OpenSearch Domainのリソースポリシー

ドキュメントの内容に従って、以下のようにリソースポリシーを設定します。

domain.addAccessPolicies(
  new iam.PolicyStatement({
    principals: [pipelineRole],
    actions: ["es:DescribeDomain", "es:ESHttp*"],
    resources: [`${domain.domainArn}/*`],
  }),
);

OSIS Pipeline

以下がOpenSearchのIngestion Pipelineを設定するためのCDKのコードです。まだL2が作成されていないので、L1のosis.CfnPipelineクラスで作成しています

それでもDynamoDB TableのARNや、S3 Bucketの名前や、OpenSearchドメインのエンドポイントなどを簡単に参照できるので、CDKで書くメリットはあると思います。

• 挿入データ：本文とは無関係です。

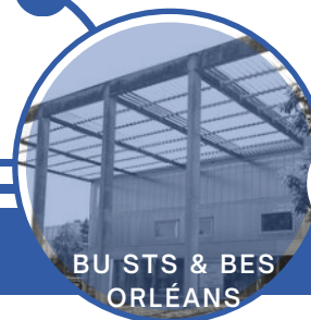
BU STS & BES ORLÉANS

new osis.CfnPipeline(this, "OSISPipeline", {
  pipelineName: "simple-osis-pipeline",
  minUnits: 1,
  maxUnits: 4,
  pipelineConfigurationBody: `
    version: "2"
    dynamodb-pipeline:
      source:
        dynamodb:
          acknowledgments: true
          tables:
            - table_arn: ${table.tableArn}
              stream:
                start_position: LATEST
              export:
                s3_bucket: ${bucket.bucketName}
                s3_region: ${this.region}
          aws:
            sts_role_arn: ${pipelineRole.roleArn}
            region: ${this.region}
      sink:
        - opensearch:
            hosts:
              - https://${domain.domainEndpoint}
            index: table-index
            index_type: custom
            document_id: \${getMetadata("primary_key")}
            action: \${getMetadata("opensearch_action")}
            document_version: \${getMetadata("document_version")}
            document_version_type: external
            aws:
              sts_role_arn: ${pipelineRole.roleArn}
              region: ${this.region}
  `,
});